Data items:
----

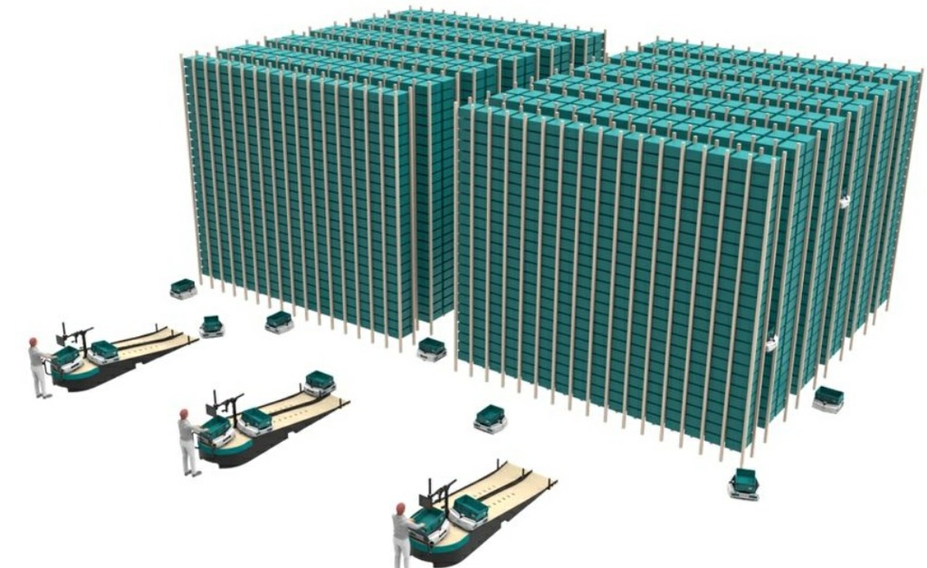 Pour cela toutes les opérations automatisées de préparation de commandes y compris le picking ont été concentrées à l’intérieur des racks.
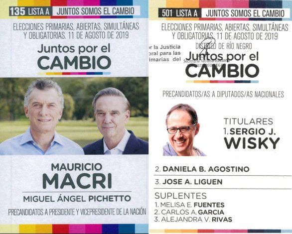 La lista 501, que a nivel nacional postula a Mauricio Macri para presidente y Miguel Ángel Pichetto para vice, lleva como primer precandidato a diputado nacional a Sergio Wisky, seguido por Daniela Agostino y José Liguen. Para el Senado Juntos por el Cambio decidió bajar a sus candidatos.
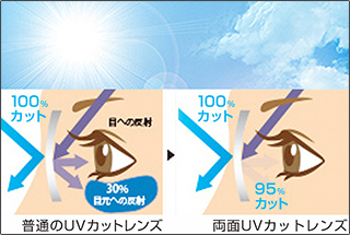さらに紫外線対策を強化したい場合には、レンズ裏面に反射する紫外線をカットするワンランク上のUV対策コーティング<両面UVカットレンズ>があります。
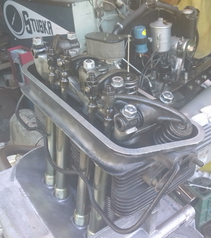 Upon reinstallation we found that more valve shimming was required on at least five valves, as much as a whole mm on at least four of them) (we say "at least" because we weren't recording it at the time, just noting this afterward) and this puzzled us - it indicates that perhaps the valves were shimmed a bit shy, and therefore the springing was a bit weaker, than it should have been during the previous rebuild, which can help explain the bent exhaust valves.
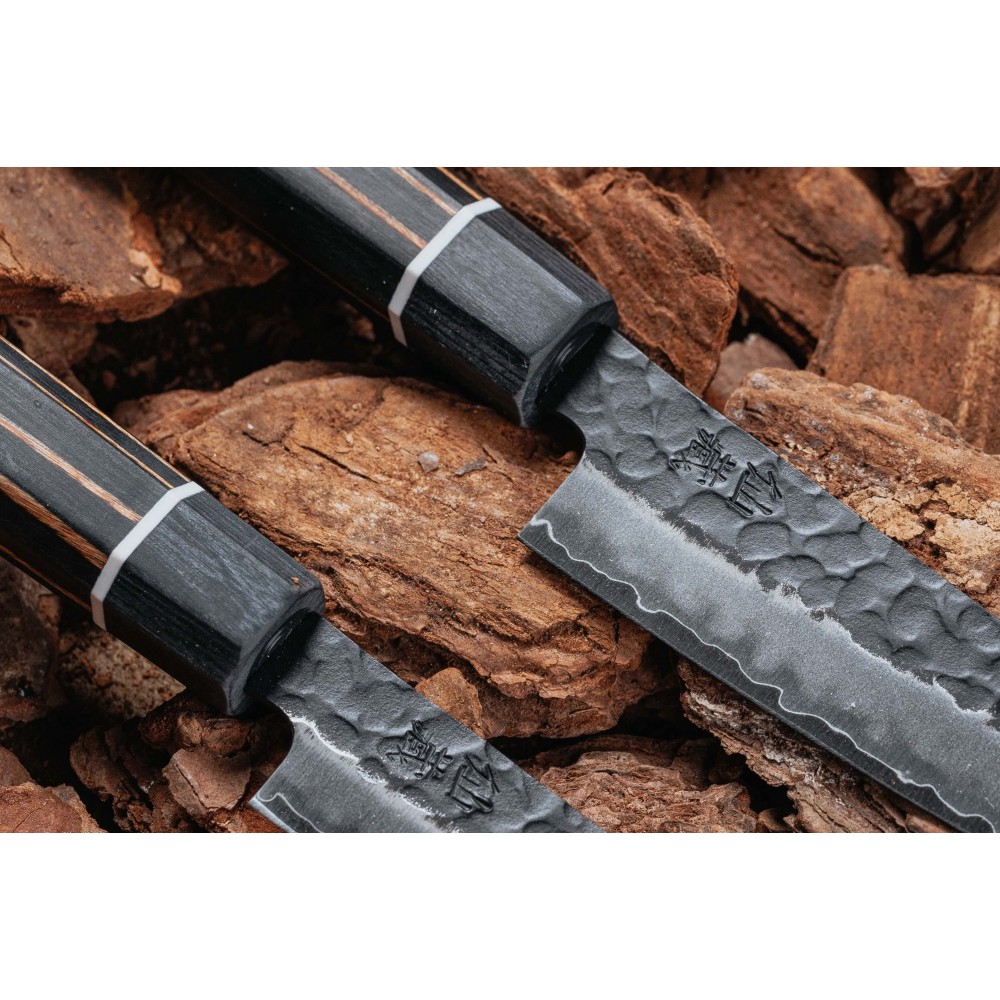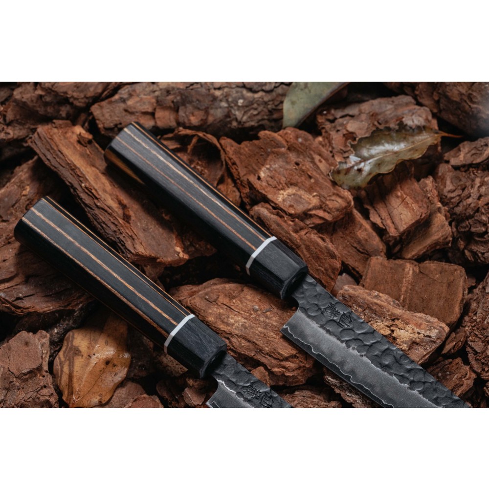 En yeni ve en iyi toz çelik olan SPG STRIX®, 65 HRC sertliğinde mükemmel keskinliğe ulaşan bıçak için kullanılır. Aynı zamanda, alaşımın özel yapısı nedeniyle bileme taşı ile yeniden keskinleştirilmesi mümkün hale gelir. Bıçak yüzeyindeki "Kurouchi" siyah kaplama, işlenmiş bir görünüm verir. Sap için sekizgen şeklinde benzersiz şeritli pakkawood kullanılmaktadır.
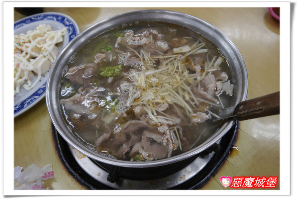 接著,我們的「薑絲羊肉爐」上桌了,「楊家羊肉爐」的湯頭是由數種中藥及羊大骨熬製而成,喝起來濃郁不油膩,在熱呼呼夏天品嚐也不會覺得上火~~
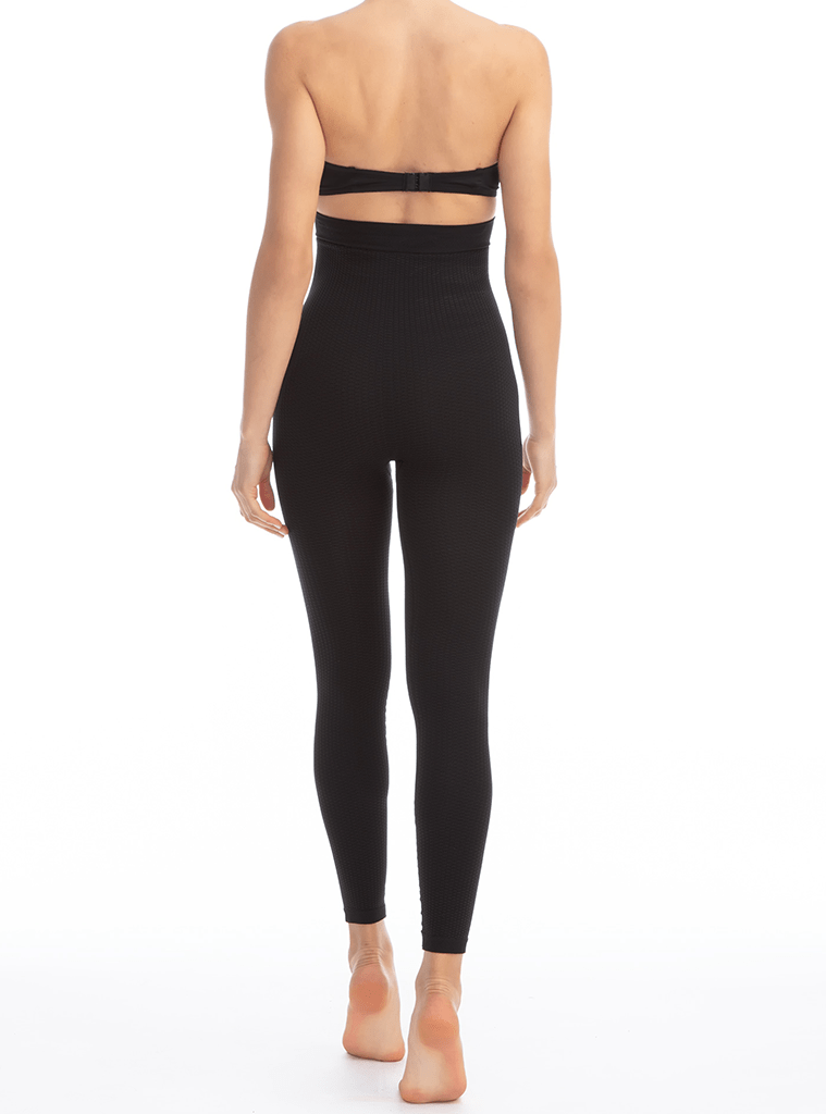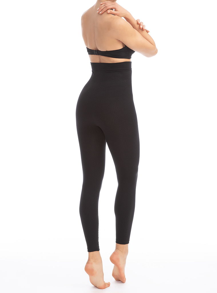 High waist slimming leggings in microfiber, with massaging effect due to the texture of the product with coarse and smooth areas which help fighting the imperfections caused by cellulite, thanks to the continuous body movement. It is manufactured with a revolutionary breathable cross-hatch knitting design with an hygienic and antibacterial gusset.
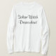 I love this shirt. I had written to the artist asking her if this picture was available on a shirt, and she wrote me back telling me where I could find the shirt. These shirts can be custom made to have a different saying. I loved this saying and went with it. The artist wrote me back later to tell me that she had seen my order go through. How's that for service? Pretty special. It's just as displayed. Perfect!
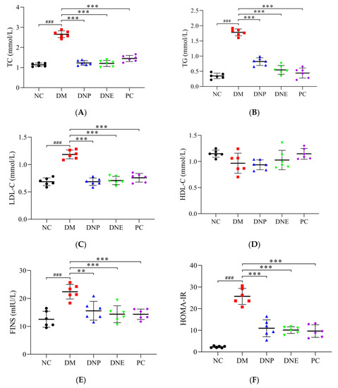 D. nobile could regulate blood lipid profile, reduce insulin levels and increase liver glycogen synthesis in T2DM rats. The serum levels of TC, TG, LDL-C, FINS and HOMA-IR in the DM group increased significantly compared to those of the NC group (Table 3), while liver glycogen content was significantly decreased (p < 0.001). The TC, TG, LDL-C, FINS and HOMA-IR levels of the DNE and DNP groups were all significantly reduced (p < 0.001) compared to those of the DM group; liver glycogen contents under the treatment of DNE and DNP were significantly increased (p < 0.001); and there were no changes in the HDL-C levels between these groups (Figure 13). Therefore, these results suggested that D. nobile ameliorated hyperlipidemia and insulin resistance in T2DM rats, and it reduced blood glucose concentration by increasing liver glycogen storage.
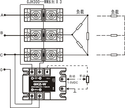 2、GKZ-W輸出可以控制一個固態(tài)繼電器,亦可以控制2個(串聯(lián))或3個(串聯(lián))固態(tài)繼電器。
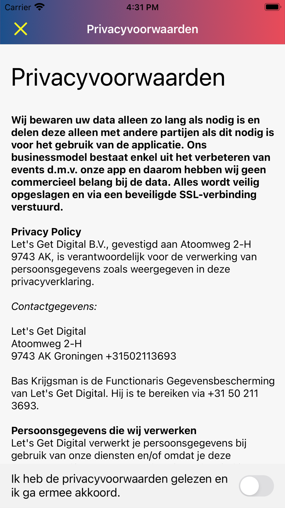 The official Let's Get Digital app. This app contains various LGD event apps inside it. Log in and see the program, line-up and much more of the event you are attending.

----

● What the exercise asks:
The records above are to be reproduced exactly; the pictures are to be left out.

● Result of the task:
 Pour cela toutes les opérations automatisées de préparation de commandes y compris le picking ont été concentrées à l’intérieur des racks.
 La lista 501, que a nivel nacional postula a Mauricio Macri para presidente y Miguel Ángel Pichetto para vice, lleva como primer precandidato a diputado nacional a Sergio Wisky, seguido por Daniela Agostino y José Liguen. Para el Senado Juntos por el Cambio decidió bajar a sus candidatos.
さらに紫外線対策を強化したい場合には、レンズ裏面に反射する紫外線をカットするワンランク上のUV対策コーティング<両面UVカットレンズ>があります。
 Upon reinstallation we found that more valve shimming was required on at least five valves, as much as a whole mm on at least four of them) (we say "at least" because we weren't recording it at the time, just noting this afterward) and this puzzled us - it indicates that perhaps the valves were shimmed a bit shy, and therefore the springing was a bit weaker, than it should have been during the previous rebuild, which can help explain the bent exhaust valves.
 En yeni ve en iyi toz çelik olan SPG STRIX®, 65 HRC sertliğinde mükemmel keskinliğe ulaşan bıçak için kullanılır. Aynı zamanda, alaşımın özel yapısı nedeniyle bileme taşı ile yeniden keskinleştirilmesi mümkün hale gelir. Bıçak yüzeyindeki "Kurouchi" siyah kaplama, işlenmiş bir görünüm verir. Sap için sekizgen şeklinde benzersiz şeritli pakkawood kullanılmaktadır.
 接著,我們的「薑絲羊肉爐」上桌了,「楊家羊肉爐」的湯頭是由數種中藥及羊大骨熬製而成,喝起來濃郁不油膩,在熱呼呼夏天品嚐也不會覺得上火~~
 High waist slimming leggings in microfiber, with massaging effect due to the texture of the product with coarse and smooth areas which help fighting the imperfections caused by cellulite, thanks to the continuous body movement. It is manufactured with a revolutionary breathable cross-hatch knitting design with an hygienic and antibacterial gusset.
 I love this shirt. I had written to the artist asking her if this picture was available on a shirt, and she wrote me back telling me where I could find the shirt. These shirts can be custom made to have a different saying. I loved this saying and went with it. The artist wrote me back later to tell me that she had seen my order go through. How's that for service? Pretty special. It's just as displayed. Perfect!
 D. nobile could regulate blood lipid profile, reduce insulin levels and increase liver glycogen synthesis in T2DM rats. The serum levels of TC, TG, LDL-C, FINS and HOMA-IR in the DM group increased significantly compared to those of the NC group (Table 3), while liver glycogen content was significantly decreased (p < 0.001). The TC, TG, LDL-C, FINS and HOMA-IR levels of the DNE and DNP groups were all significantly reduced (p < 0.001) compared to those of the DM group; liver glycogen contents under the treatment of DNE and DNP were significantly increased (p < 0.001); and there were no changes in the HDL-C levels between these groups (Figure 13). Therefore, these results suggested that D. nobile ameliorated hyperlipidemia and insulin resistance in T2DM rats, and it reduced blood glucose concentration by increasing liver glycogen storage.
 2、GKZ-W輸出可以控制一個固態(tài)繼電器,亦可以控制2個(串聯(lián))或3個(串聯(lián))固態(tài)繼電器。
 The official Let's Get Digital app. This app contains various LGD event apps inside it. Log in and see the program, line-up and much more of the event you are attending.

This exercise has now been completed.